Cativeiro
Há uma parte de mim que tem sede pela vida além do mundano. Vez em quando ela assume o controle e eu nem percebo. Começa chegando devagar e quando noto já tem uma passagem comprada para encontrar um quase desconhecido em outro país, uma mensagem enviada para aquele que havia prometido nunca mais dirigir a palavra, um sim a um convite inusitado. Nem sempre me relaciono bem com essa parte que me habita. Ela me faz vulnerável, faz com que eu me sujeite à possibilidade de rejeição, faz com que eu acorde com ressacas cheias de culpa. Mas é ela que faz com que eu olhe pra trás e reconheça o tanto de caminho interessante que já percorri.
Quando ela decide dizer sim, passo dias mágicos na Itália na compainha de um estranho que se revelou um tanto especial. Quando ela diz que prefere quebrar a cara a não ter vivido, me faz percorrer ruas iluminadas por estrelas numa noite de verão e fazer amizades no caminho. Quando ela se convence que pode, me lança numa empreitada para viver de meus talentos. Quando ela percebe que precisa parar de se diminuir para caber, consigo encontrar um lar possível do jeito que sempre sonhei.

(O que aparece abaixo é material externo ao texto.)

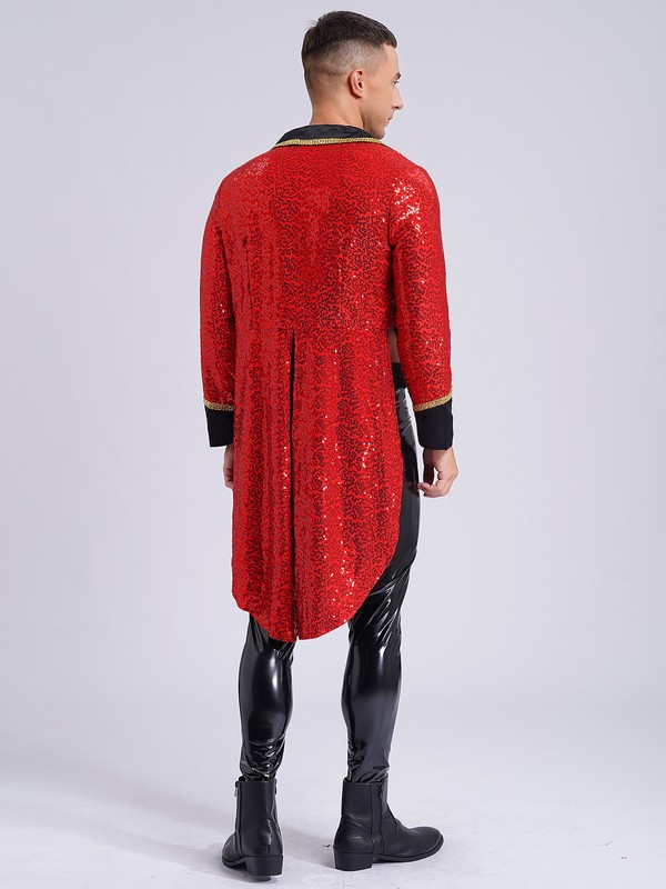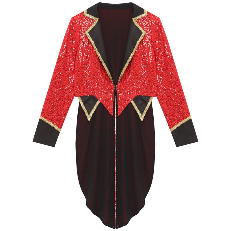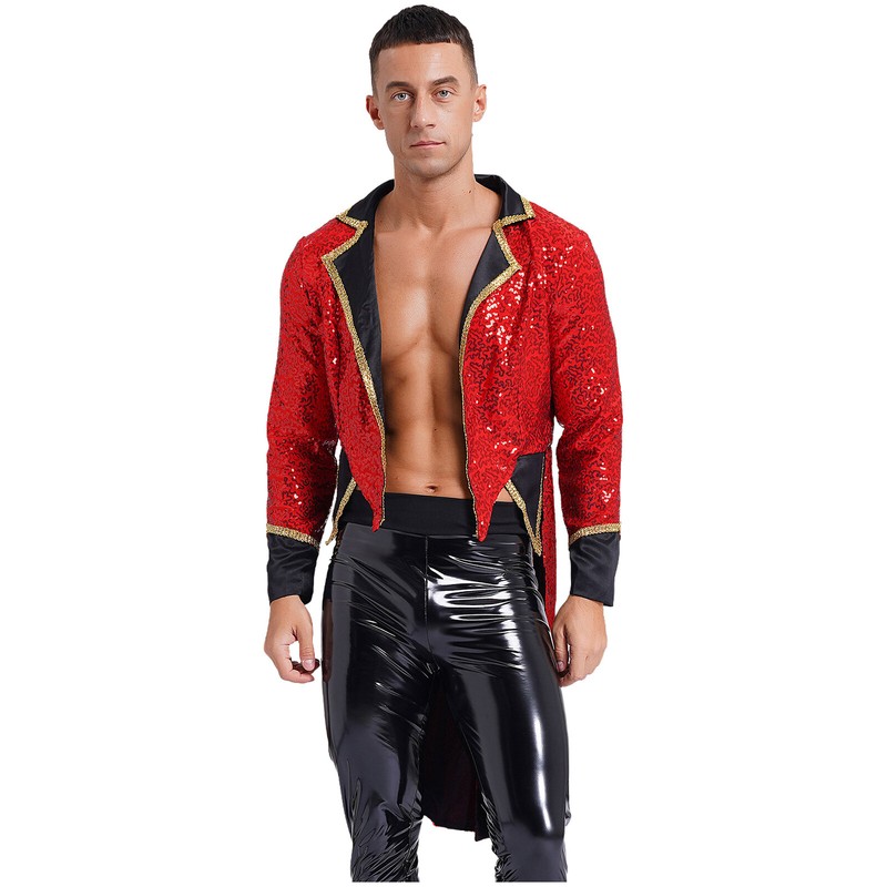 Ringmaster outerwear in bright colors brings a funny and wacky look, pairing with ruffle collar shirt, long pants would be perfect.

Não é fácil saber a hora de deixá-la asssumir. Dá bastante trabalho escutá-la. A outra parte, na maior parte das vezes, só quer fazer o que é linearmente seguro. Mas quando passo muito tempo tentando calar sua voz, ela chega quase incontrolável. Sedenta e cansada de cumprir apenas tarefas. Digo “sossega”, mas ela já está inquieta. Ao longo dos anos compreendi que ela precisa sair de vez em quando. Quanto mais cativa, mais faminta. E aí, quando solta, o resultado pode não ser tão recompensador.